Examples of the direct detection of purified analyte with subsequent antibody sandwiching steps are shown in FIG. 3. Lethal toxin is first injected, followed by buffer and subsequent sandwiching antibodies. The chip was then eluted and lethal factor antigen was injected, followed by buffer and the additional subsequent antibody steps. Representative images (“slices”) from the collected data are also illustrated.

An exemplary limit of detection assay for purified analyte is shown in FIG. 4. Here, purified dengue NS1 and Y. pestis F1 were injected in serially increasing 4-fold concentrations (Needham J., 2019). Limits of detection of purified analyte in buffer approached 2 ng/mL for each analyte, which is 3 standard deviations above the negative control spotted ligands.

It is desirable to evaluate how diluted human serum binds to antigens that have been directly spotted onto the chip surface. To determine whether potential antibody binding (isotype independent) is significant and directly observable, five (5) separate chips were spotted with a series of Zika NS1 and control analytes (including an anti-human IgM antibody). The same diluted Zika positive serum specimen (1:100) was injected into each of these five chips in order to (1) monitor for direct binding of analyte to the spotted Zika NS1 (2) evaluate the capture of human IgM from the diluted serum specimen and (3) monitor the preliminary chip-to-chip variability. The results recorded from these chips are shown in FIG. 5 where specific binding to the Zika NS1 antigen is observed, IgM binding to the anti-human IgM capture antibodies is seen and negative control spots remain quiescent.

Sample Amplification

The IRIS modality is unique compared to other platforms due to the intrinsic imaging nature of the platform (i.e., microarray imaging is inherently a part of the instrument design) and the fact that the normally incident light passes through the chamber, giving an exquisitely sensitive detection to the binding of nanoparticles. In embodiments, the nanoparticles are inert. In some embodiments, the inert nanoparticles comprise gold, silver, platinum, or a combination thereof. In specific embodiments, the inert nanoparticles are gold. In some embodiments, the nanoparticles comprise a diameter ranges from about 10 nm, 20 nm, 30 nm, 40 nm, 50 nm, 60 nm, or a combination thereof. In specific embodiments, the nanoparticles comprise a diameter of about 40 nm.

The unique scattering properties of gold nanoparticles permit the digital detection of single virus and gold nanoparticles using the appropriate optical setup (Avci, Ünlü, Özkumur, & Ünlü, 2015). Standard lateral flow immunoassay (LFI) gold conjugate techniques are used to specifically conjugate and functionalize nanoparticles, e.g., such as anti-human IgM and anti-human IgG.

That is, in some embodiments, gold nanoparticles are directly labeled with a ligand, e.g., such as an antibody targeting IgG or IgM, and these gold nanoparticles are then specifically associated with bound analyte. In this manner, the mass binding events that are observed during an IRIS test may be confirmed as specific antibody subtypes by the addition of gold nanoparticles targeting those classes.

Additionally, due to the real-time monitoring of the binding events, it is possible to sequentially inject each gold conjugate to determine specimen binding due to any given analyte individually. That is, after the detection of direct mass accumulation at any given spot, gold nanoparticles can be injected that first target human IgM and specifically record binding to human IgM molecules followed by an injection of gold nanoparticles that target human IgG and specifically record binding to human IgG molecules.

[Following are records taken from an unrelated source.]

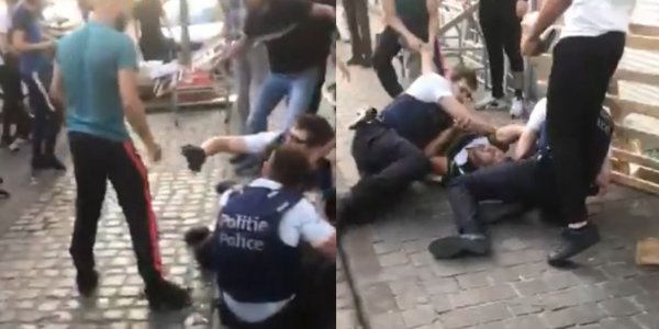 La vidéo mise en ligne par le syndicat libéral de la police (SLFP) (voir la capture d’écran ci-dessous, faite par la Libre) montre deux à trois policiers qui ont maîtrisé un homme ainsi que des passants qui tentent de soustraire cet homme à l’emprise des policiers.
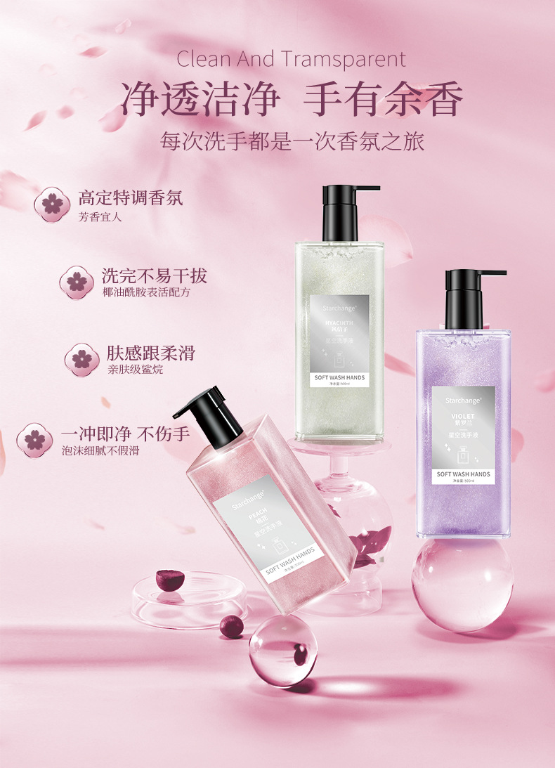 桃花星空泡沫洗手液酒店家用抑菌洗手液不伤手持久留香儿童可洗用
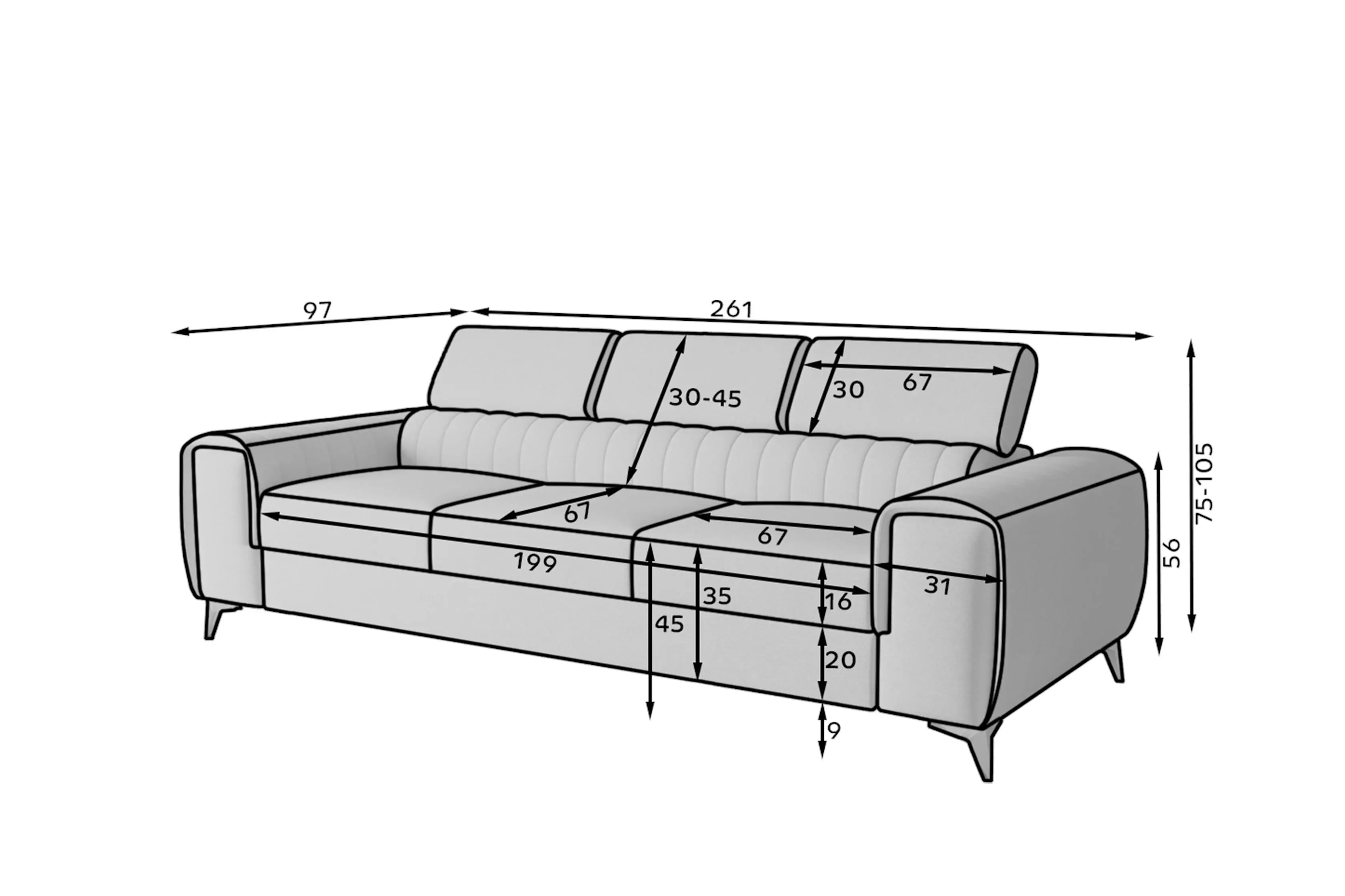 Rozměry (šířka x hloubka x výška): 261 x 97 x 105 cm, výška bez polštářů 75 cm, výška sedu 45 cm, hloubka sedu 67 cm

FIG. 6 illustrates the amplification of 1 ng/mL of lethal factor (LF) antigen by incorporating gold nanoparticles that also targets LF into the flow cell. The arrows indicate the injection of LF (1 ng/mL), gold nanoparticles and buffer, respectively.

In one embodiment, an LF antigen is injected for 10 minutes followed by the gold nanoparticles for an additional 10 minutes. As no secondary antibody is required for the detection of mass accumulation, the direct measurements are determined immediately as the specimen enters the chamber.

In some embodiments, the gold nanoparticles are conjugated to molecules. The gold conjugated molecules comprise peptides, proteins, nucleic acids, carbohydrates, lipids, or fragments thereof. In further embodiments, the gold conjugated molecules may comprise human IgG, human IgM, or a combination thereof.

It is noted that current multiplexed, array-based techniques may be utilized for detecting binding events (i.e., microarrays, microarray analyzers), but that many of these techniques require the use of fluorescently labeled antibodies and antigens and often suffer from photobleaching or ‘quenching’ of the signal.

Preliminary stability testing of the IRIS chip itself indicates room temperature stability (in a desiccated environment) is possible. Additionally, gold nanoparticle conjugates have been developed with lateral flow immunoassay techniques to create dried, room temperature stable conjugates (stable for years). Due to the intrinsic light scattering nature of gold nanoparticles, there is also no photobleaching or ‘quenching’ of the signal that is often a concern of fluorescently labeled antibodies and antigens.

Application

The invention of the present disclosure provides many key advantages. The present IRIS platform as a diagnostic tool a multitude of binding data and characteristics are observed for any one given specimen. It can multiplex dozens of potential targets for specific diseases and targets for unrelated diseases. In embodiments, the diseases comprise, but are not limited to, various types of cancer, infectious diseases, genetic conditions, immunological diseases, heart diseases, allergies, or a combination thereof. In further embodiments, the infectious diseases comprise Lyme disease, tick borne infections, Zika virus, Chagas disease, flavivirus, HIV, hepatitis, or a combination thereof. In some embodiments, the specific disease is Lyme disease and the potential added targets for unrelated diseases are HIV, hepatitis, or a combination thereof. For multiplex detection of targets with the present IRIS platform, a multitude of disease substrates are spotted on the existing chip surface.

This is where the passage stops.